Data supplied>
== Segment start ==

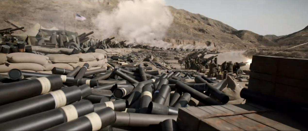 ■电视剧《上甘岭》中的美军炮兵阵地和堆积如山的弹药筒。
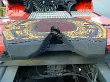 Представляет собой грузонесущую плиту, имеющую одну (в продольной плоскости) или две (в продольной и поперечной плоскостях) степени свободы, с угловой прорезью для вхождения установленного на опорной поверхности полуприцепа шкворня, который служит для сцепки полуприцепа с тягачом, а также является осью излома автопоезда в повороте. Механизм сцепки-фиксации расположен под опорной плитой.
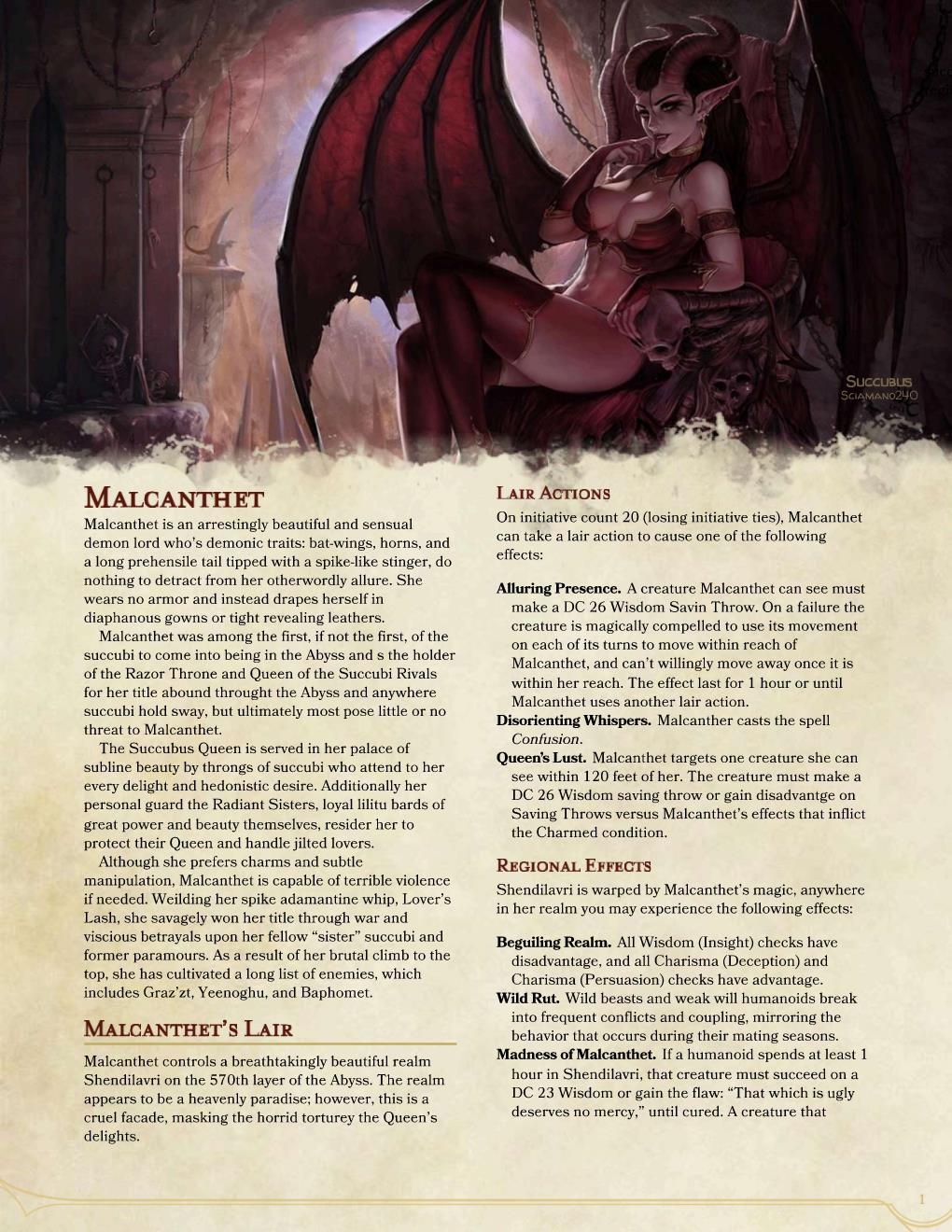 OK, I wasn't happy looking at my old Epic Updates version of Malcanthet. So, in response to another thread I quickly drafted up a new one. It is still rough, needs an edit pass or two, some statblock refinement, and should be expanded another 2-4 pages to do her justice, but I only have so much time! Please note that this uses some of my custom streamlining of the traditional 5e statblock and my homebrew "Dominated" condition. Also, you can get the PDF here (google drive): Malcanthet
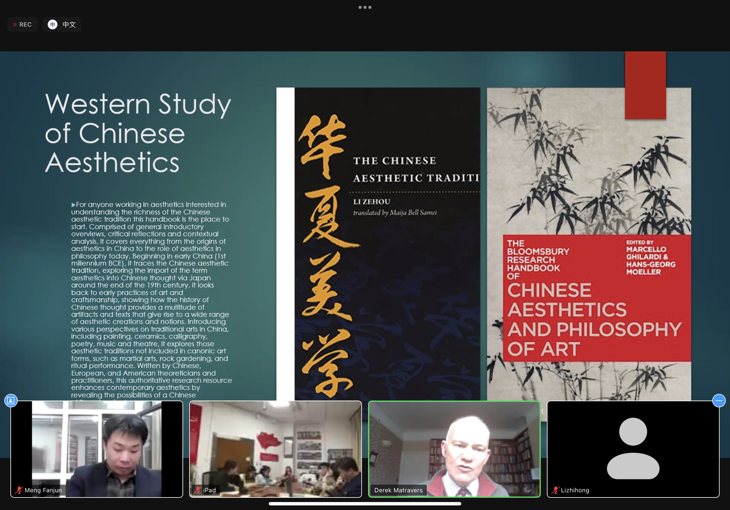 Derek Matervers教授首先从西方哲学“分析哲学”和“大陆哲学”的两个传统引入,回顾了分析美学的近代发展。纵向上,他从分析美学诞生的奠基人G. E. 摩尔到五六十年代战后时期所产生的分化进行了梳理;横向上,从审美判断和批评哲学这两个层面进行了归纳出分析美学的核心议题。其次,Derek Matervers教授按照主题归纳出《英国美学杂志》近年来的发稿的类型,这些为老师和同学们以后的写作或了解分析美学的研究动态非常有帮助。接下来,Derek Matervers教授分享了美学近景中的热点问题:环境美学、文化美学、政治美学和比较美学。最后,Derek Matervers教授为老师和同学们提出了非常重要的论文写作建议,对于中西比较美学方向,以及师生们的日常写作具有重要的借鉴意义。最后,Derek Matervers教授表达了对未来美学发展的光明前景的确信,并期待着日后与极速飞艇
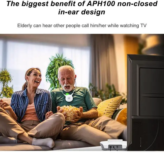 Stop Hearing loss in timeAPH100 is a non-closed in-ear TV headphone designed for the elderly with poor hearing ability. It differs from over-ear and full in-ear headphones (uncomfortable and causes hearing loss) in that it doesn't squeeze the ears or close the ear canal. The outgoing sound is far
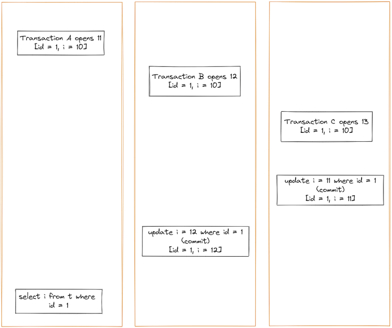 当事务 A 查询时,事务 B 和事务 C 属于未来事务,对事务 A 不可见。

== Segment end ==
== Segment start ==

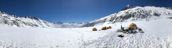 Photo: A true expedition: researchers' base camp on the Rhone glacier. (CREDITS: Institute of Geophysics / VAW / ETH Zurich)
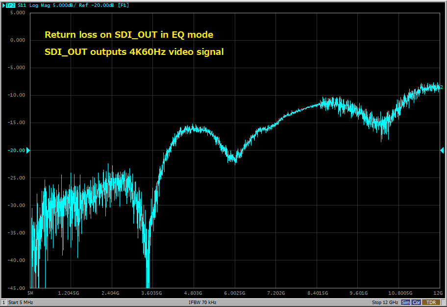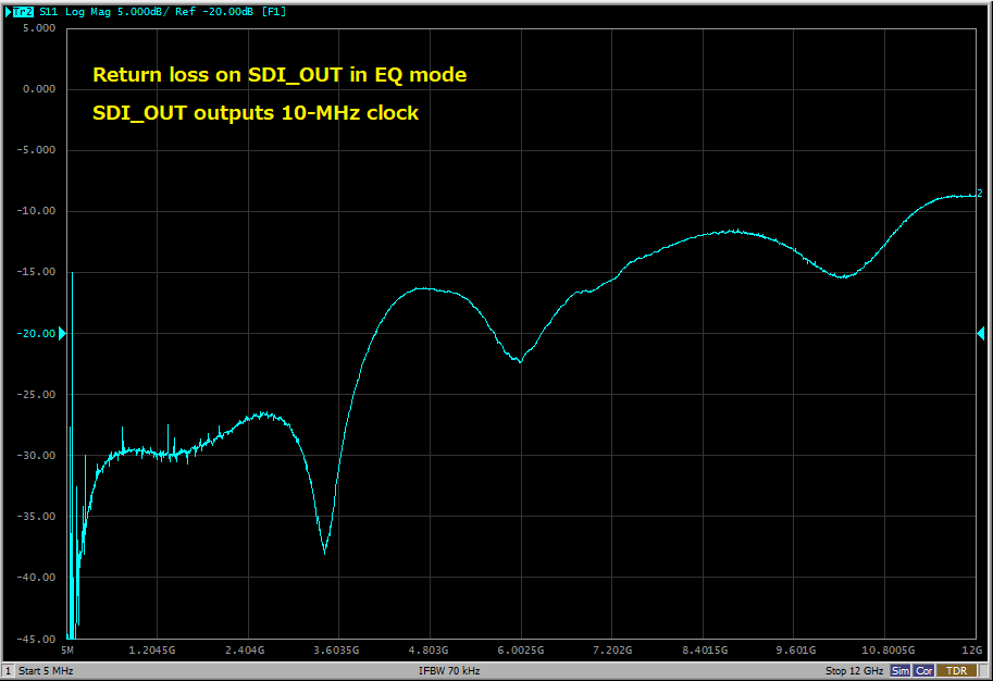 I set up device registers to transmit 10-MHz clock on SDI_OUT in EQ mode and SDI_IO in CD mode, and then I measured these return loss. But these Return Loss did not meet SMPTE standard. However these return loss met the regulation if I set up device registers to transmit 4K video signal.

== Segment end ==
== Segment start ==

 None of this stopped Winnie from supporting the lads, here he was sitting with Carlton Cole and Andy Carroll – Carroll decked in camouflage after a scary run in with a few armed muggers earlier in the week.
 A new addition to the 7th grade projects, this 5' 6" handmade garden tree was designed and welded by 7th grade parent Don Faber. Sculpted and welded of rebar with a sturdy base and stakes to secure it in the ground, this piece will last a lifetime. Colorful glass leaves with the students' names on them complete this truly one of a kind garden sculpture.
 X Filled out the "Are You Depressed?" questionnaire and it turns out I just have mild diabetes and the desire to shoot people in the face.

== Segment end ==

Exercise>
Using the records above, return word for word the lines that begin at the one containing "Stop Hearing loss" and end at the one containing "当事务 A 查询时,事务 B 和事务 C 属于未来事务,对事务 A 不可见。", both of them included and no pictures.

Answer space>
 Stop Hearing loss in timeAPH100 is a non-closed in-ear TV headphone designed for the elderly with poor hearing ability. It differs from over-ear and full in-ear headphones (uncomfortable and causes hearing loss) in that it doesn't squeeze the ears or close the ear canal. The outgoing sound is far
 当事务 A 查询时,事务 B 和事务 C 属于未来事务,对事务 A 不可见。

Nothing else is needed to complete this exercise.